I leaned against my desk. “Since you seem to know, please, don’t keep me waiting in such suspense.”
“Emory’s husband, Lord Growley, was found murdered in his home this morning. Believed to have been killed by his wife.”
Husband. I’d been so wrapped up in my discovery of the white rabbit’s identity, in knowing her name, I’d somehow forgotten the rest of it. She was married. That was a punch to the gut that I hadn’t expected. And—had he just said...
“Murder?” I asked, brain still unable to keep up.
“Early this morning.” Gungar’s chin wobbled. “Servants found him dead in the cellar after a clear struggle. His wife nowhere to be found.”
All the breath left my lungs, and suddenly, it made sense: why she was wearing nothing but a nightgown, why she’d been running in the first place. It wasn’t because the guards thought she was a thief. It was because they thought she was a murderer. And I’d been stupid enough to let her escape. All because of my connection to her, because I’d actually thought at one point that there was a world where the white rabbit and I could... Married. She’d been married the entire time she’d been the white rabbit.
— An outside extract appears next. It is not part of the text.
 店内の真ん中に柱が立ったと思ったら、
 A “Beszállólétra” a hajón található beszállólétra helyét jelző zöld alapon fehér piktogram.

Our last meeting suddenly made far more sense. I suddenly felt very, very stupid.
I pounded a fist on the desk.
Gungar raked a hand through his thinning white hair and glanced behind me at my packed satchel. “What’s done is done. Emory Growley is now the frost queen’s concern. Not ours. Not yours. Are you ready for this mission?”
The mission. I suspected Gungar was sending me with the hope that I didn’t return. I might’ve been the favorite of the queen—and many students—but Gungar still ran this academy, was still the ArchHistorian, and that meant he had the power to send me on assignments.
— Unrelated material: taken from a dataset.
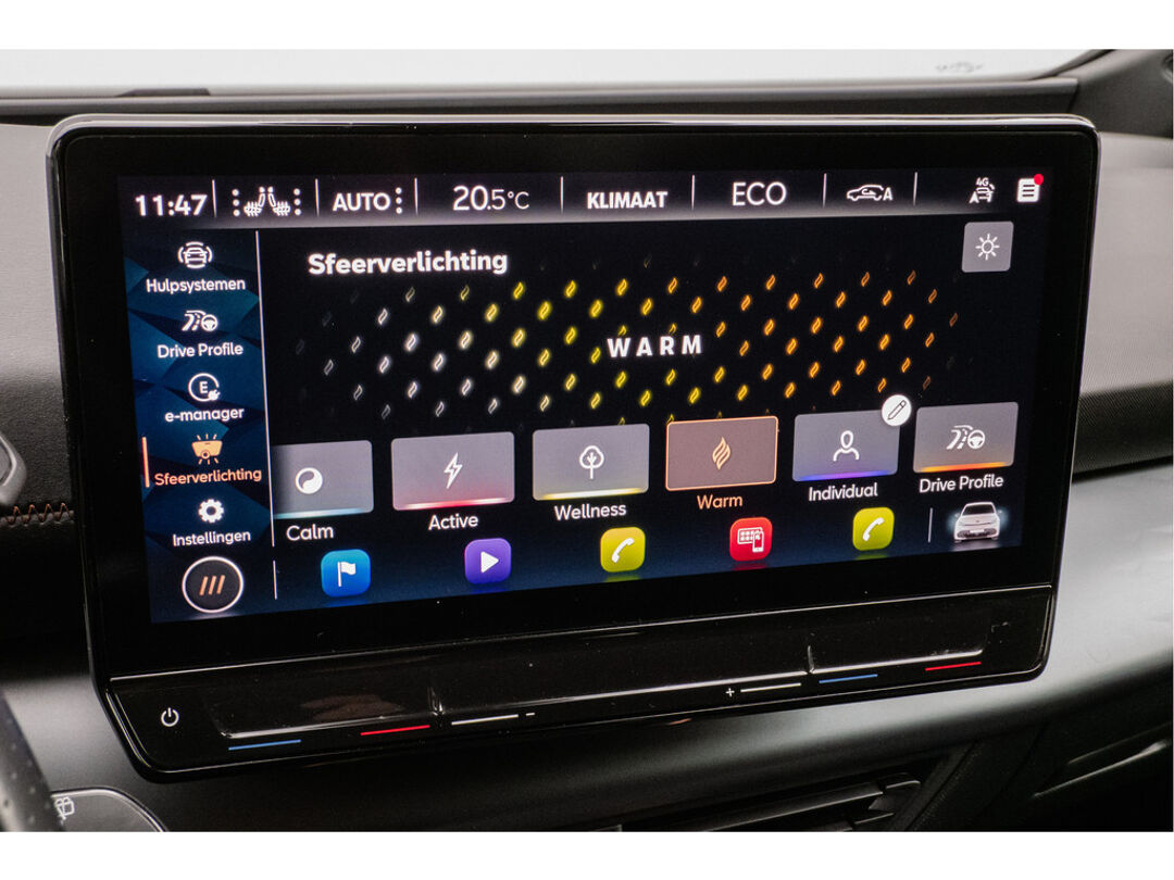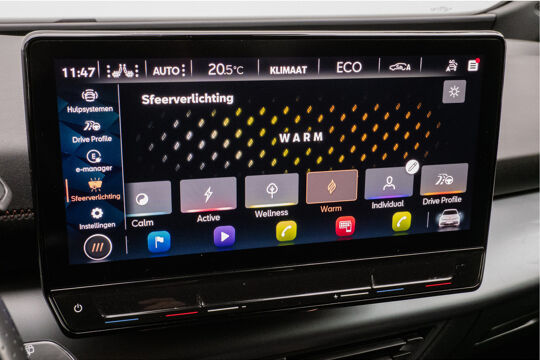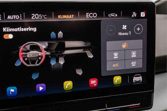 Deze auto is voorzien van innovatieve systemen die u onderweg begeleiden en beschermen. Verkeersbord-detectie herkent verkeersborden en toont deze op het instrumentarium van de auto. Deze CUPRA Born is ook behulpzaam als het gaat om een rechte koers. Het Lane-keeping systeem signaleert en corrigeert als u onbedoeld de rijstrooklijnen dreigt te overschrijden. Forward collision warning waarschuwt bij een dreigende aanrijding en vermindert de gevolgen van een ongeval. U bent mede dankzij vermoeidheidsherkenning, autonoom remsysteem en bandenspanningcontrolesysteem steeds veilig onderweg.

“We’re getting more and more reports of this white wolf stalking the Glacier Mountains. A wolf like no one has ever seen before. Huge with fangs as big as my fingers, standing near as tall as a fully grown man.”
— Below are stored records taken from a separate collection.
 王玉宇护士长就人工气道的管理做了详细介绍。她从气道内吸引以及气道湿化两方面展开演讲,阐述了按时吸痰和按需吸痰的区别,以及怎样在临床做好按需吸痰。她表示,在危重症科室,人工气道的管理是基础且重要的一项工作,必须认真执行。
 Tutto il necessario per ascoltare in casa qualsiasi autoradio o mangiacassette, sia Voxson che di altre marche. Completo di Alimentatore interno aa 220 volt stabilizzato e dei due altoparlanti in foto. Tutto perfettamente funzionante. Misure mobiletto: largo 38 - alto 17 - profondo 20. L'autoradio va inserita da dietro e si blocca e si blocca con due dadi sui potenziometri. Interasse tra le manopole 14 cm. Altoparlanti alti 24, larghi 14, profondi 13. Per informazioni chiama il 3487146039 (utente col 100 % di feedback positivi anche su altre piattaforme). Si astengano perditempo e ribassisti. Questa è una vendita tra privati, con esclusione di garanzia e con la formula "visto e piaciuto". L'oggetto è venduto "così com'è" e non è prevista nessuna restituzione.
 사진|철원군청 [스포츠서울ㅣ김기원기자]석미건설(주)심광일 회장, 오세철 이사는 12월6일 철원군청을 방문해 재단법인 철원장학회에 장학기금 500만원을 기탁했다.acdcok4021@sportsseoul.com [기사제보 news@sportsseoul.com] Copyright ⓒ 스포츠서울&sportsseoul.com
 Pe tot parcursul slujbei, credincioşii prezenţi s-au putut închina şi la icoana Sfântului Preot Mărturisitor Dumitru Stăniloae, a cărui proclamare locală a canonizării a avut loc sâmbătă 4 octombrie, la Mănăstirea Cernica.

I waved away his words. “Yes, yes I’ve been briefed. Though I’m not sure why you’re sending a historian to trek after this creature and not a hunter.” I raised a brow.
Gungar shifted on his feet. “Because the queen wants him in her custody.”
Just another obsession of the frost queen’s I didn’t understand. She cared far more about this wolf than she should have.
“We need someone who can analyze the creature,” Gungar was saying, “tell us how it evolved, where it might have come from. Not just some brute who will barge in and kill it. We need some answers about this thing. It’s terrorizing small villages on the outskirts of the mountains. It’s eating livestock. We’re worried the villagers are next.”
I shuddered at that and swept my arms around the room. “Well, as you can see, I was on my way out before you barged in. Hastings is taking over my class until I return.”